LESSQL Framework Home Page

Here you will find discussions about the LESSQL framework!

Our dataset is currently available!

All of our experiments were executed on a machine with the following specifications:

Machine Specifications
CPU Intel Core i7 7700 3.4GHz
Memory 32GB
Hard Disk 1TB
OS Distribution Linux Ubuntu Bionic Beaver 18.04
Python Python 3.4

Dataset Limitations

I. There are possible threats related to the representativeness of a single dataset. Thus, we tried to select a dataset which is representative of how structural schema changes are made across a certainly reasonable number of closed-source and open-source projects. For instance, the number of attributes that suffered modifications in a single schema change is not usually high in the dataset. However, this scenario is representative of how schemas structurally change over time in many projects: structural schema changes are made incrementally in order to avoid constant major refactoring, for instance, in the affected source code. On the other hand, there were big changes in the dataset as well. For instance, version 21 suffered the biggest schema change, which have 27 attribute modifications all together. Moreover, while the dataset may not cover all possible categories of structural change categories, it clearly covers various categories with a certain frequency (as illustrated in the paper). Finally, this dataset covers 4 years of development in the Wikipedia project and is representative for all the problems we tackle, since it went through a high diversity of schema structural changes.

II. Another limitation of our study was the number of relations for all schema versions of the Wikipedia dataset. Our Joining Network Expression generation algorithm (JNG) computes the joining network expressions (JNE) according to the changes in the target schema. As said in (I), since we worked with a relatively small number of schema changes per schema version, LESSQL may have been limited to structural refactoring changes in a few tables. Nevertheless, [Qiu] suggests that only a minor portion of the schema is changed over the lifetime of a database. Also, the generation time depends directly on the number of tables involved in the schema changes. In this dataset, the longest time was 39 seconds for a query that referred to 9 attributes. Overall, our JNE generation approach can be considered as a specification of the Steiner Tree Problem in which we must find the shortest interconnection between relations that contain all attributes from a LESSQL query. The Steiner Tree Problem is said to be NP-Complete so our JNG algorithm uses a heuristic approach, which can be improved in the future.

Metrics Limitations

III. One of the threats relates to the chosen metric for evaluating the stability of the system (schemas, queries and surrounding source code). One could question the choice of only using Success Rate as a measure of such stability. However, the obtained results were based on the Success Rate (SR) of SQL query generation, that is, whether LESSQL was able to successfully generate an SQL query that could be executed over the target schema [with corresponding semantic]. The SR metric shows that SQL queries could be successfully generated for the target schema. As a consequence, the correct generation of SQL queries would enable developers to avoid application source code maintenance, which is a key purpose of this approach. Therefore, the use of SR indeed quantifies the stability of schemas and queries, while it also serves as a surrogate, reliable metric for code stability. As the SR of two configurations was often higher than 95%, then no code change is required for most of the schema changes.

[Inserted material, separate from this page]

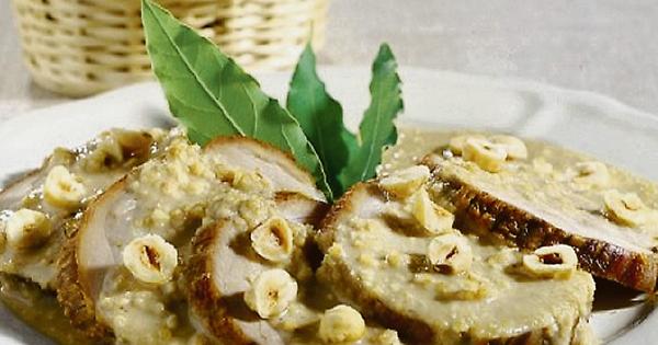 Uno dei prodotti piemontesi più famosi al mondo, la nocciola non si accosta perfettamente solo agli innumerevoli dolci tradizionali, come i baci di dama o i celeberrimi gianduiotti, ma anche alle carni. L’arrosto di vitello con salsa alle nocciole è un tipico piatto piemontese, conosciuto soprattutto nel territorio delle Langhe, dove i noccioli crescono rigogliosi. È enorme l’espansione che la coltivazione di questo frutto ha conosciuto nel nostro paese negli anni sessanta e settanta a seguito di richieste sempre maggiori del prodotto nell’industria dolciaria locale. In Piemonte, la varietà più conosciuta è sicuramente la “Tonda Gentile delle Langhe Igp”, che grazie alle sue proprietà uniche, tra cui la buona conservabilità e la facilità di lavorazione, è diventata una protagonista di innumerevoli ricette. Oggi la produzione è concentrata nelle province di Cuneo, Asti e Alessandria, tra le colline delle Langhe, del Roero e del Monferrato. In moltissimi ristoranti di queste zone è facile trovare nel menù l’arrosto di vitello con salsa alle nocciole, ma non è difficile riproporlo a casa nostra. Lasciate la carne a temperatura ambiente per circa un’ora prima di cucinarla, quindi massaggiatela bene con il sale grosso affinché si insaporisca maggiormente prima della cottura. Affettate finemente la cipolla e fatela soffriggere in una casseruola con il burro; unite la noce di vitello e fatela rosolare da tutte le parti a fiamma vivace. Sfumate con il marsala. Regolate di sale, aggiungete il latte e le nocciole tritate grossolanamente. Coprite con un coperchio e cuocete per circa un ora e mezza; se necessario, durante la cottura, aggiungete altro latte. Togliete la noce di vitello dalla casseruola e mettetela da parte; lasciatela intiepidire leggermente quindi tagliatela a fette spesse circa mezzo centimetro. Portate ad ebollizione il fondo di cottura dell’arrosto; nel frattempo preparate il roux per rendere cremosa la vostra salsa: sciogliete a fuoco lento il burro, togliete dal fuoco il pentolino e amalgamate la farina setacciata. Rimettete sul fuoco e fate cuocere giusto il tempo necessario a togliere il sapore di farina. Versate il roux nel fondo di cottura, mescolate e fate sobbollire per qualche minuto. Servite l’arrosto con la salsa alle nocciole e, se volete, qualche nocciola tagliata a metà.

IV. We do not measure how the adoption of LESSQL affects development processes, including code comprehension tasks. Certain query and surrounding code changes might become more difficult when the queries are written with LESSQL. For instance, we do not know how the syntax of LESSQL may interfere in how developers understand the query and surrounding code. This is actually a concern that should be addressed in the near future. Nevertheless, we should recall that the syntax of LESSQL is the same as the syntax of SQL with the exception of not including the “from” clause on it.

Solution Limitations

V. Depending on the type and number of changes, the SchemaDiff algorithm may struggle to find the correct attribute mappings. For example, an attribute previously named “person” renamed to “identification” is a significant change since SchemaDiff relies on syntactic similarity. However, as discussed in the paper, this situation can be circumvented by using the hybrid or supervised configurations.